#### Task description
Transcribe only the lines in the data below falling between the line with "7月28日下午,中鐵七局集團" and the line with "Yuzawa, Niigata. |", including those two lines, and leave out any picture.

#### Provided records
§ §

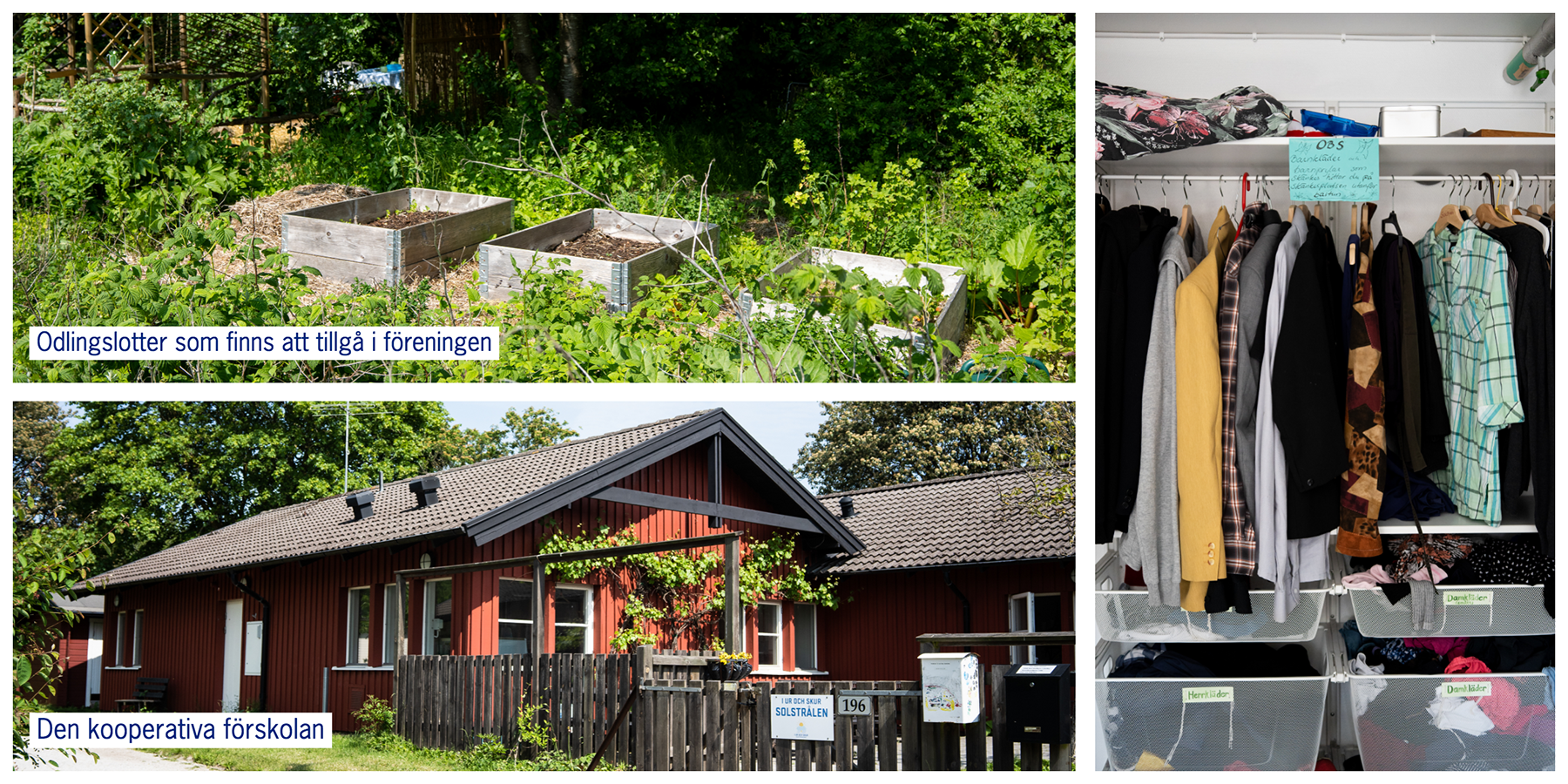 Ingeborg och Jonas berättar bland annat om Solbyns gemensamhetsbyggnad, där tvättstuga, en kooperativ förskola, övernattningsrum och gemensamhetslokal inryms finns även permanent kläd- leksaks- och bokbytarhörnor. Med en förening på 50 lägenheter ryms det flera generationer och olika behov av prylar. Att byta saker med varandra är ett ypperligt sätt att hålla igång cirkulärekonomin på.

§ §

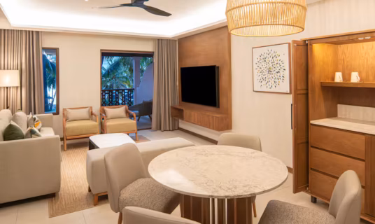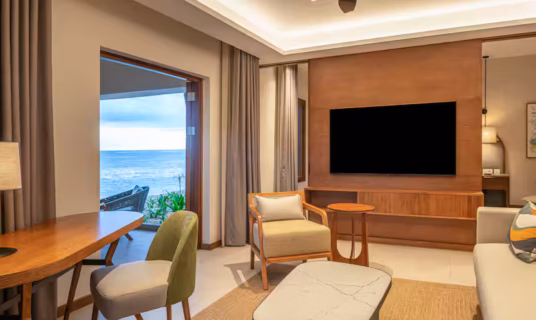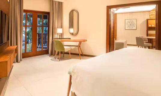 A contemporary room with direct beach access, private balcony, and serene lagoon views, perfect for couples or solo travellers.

§ §

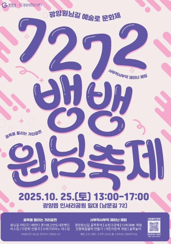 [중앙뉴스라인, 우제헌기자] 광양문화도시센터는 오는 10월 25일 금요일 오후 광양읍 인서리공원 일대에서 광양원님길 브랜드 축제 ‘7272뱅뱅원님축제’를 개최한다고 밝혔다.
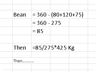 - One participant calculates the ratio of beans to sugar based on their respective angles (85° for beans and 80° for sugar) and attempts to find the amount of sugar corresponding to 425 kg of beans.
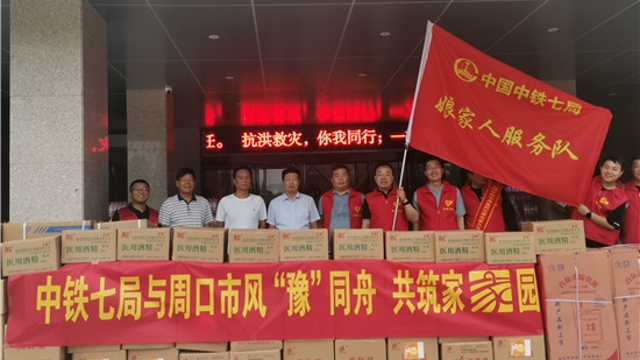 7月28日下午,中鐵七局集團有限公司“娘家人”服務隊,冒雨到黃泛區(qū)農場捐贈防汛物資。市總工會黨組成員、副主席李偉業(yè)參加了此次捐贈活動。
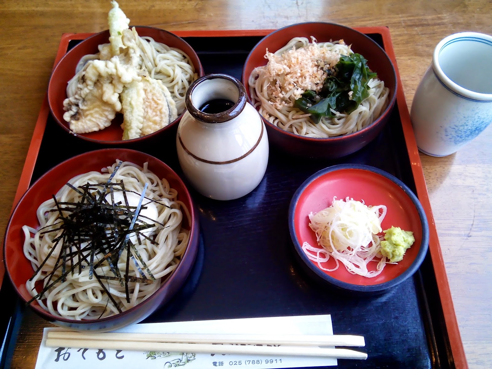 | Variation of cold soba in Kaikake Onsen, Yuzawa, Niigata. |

§ §

#### Answer
 7月28日下午,中鐵七局集團有限公司“娘家人”服務隊,冒雨到黃泛區(qū)農場捐贈防汛物資。市總工會黨組成員、副主席李偉業(yè)參加了此次捐贈活動。
 | Variation of cold soba in Kaikake Onsen, Yuzawa, Niigata. |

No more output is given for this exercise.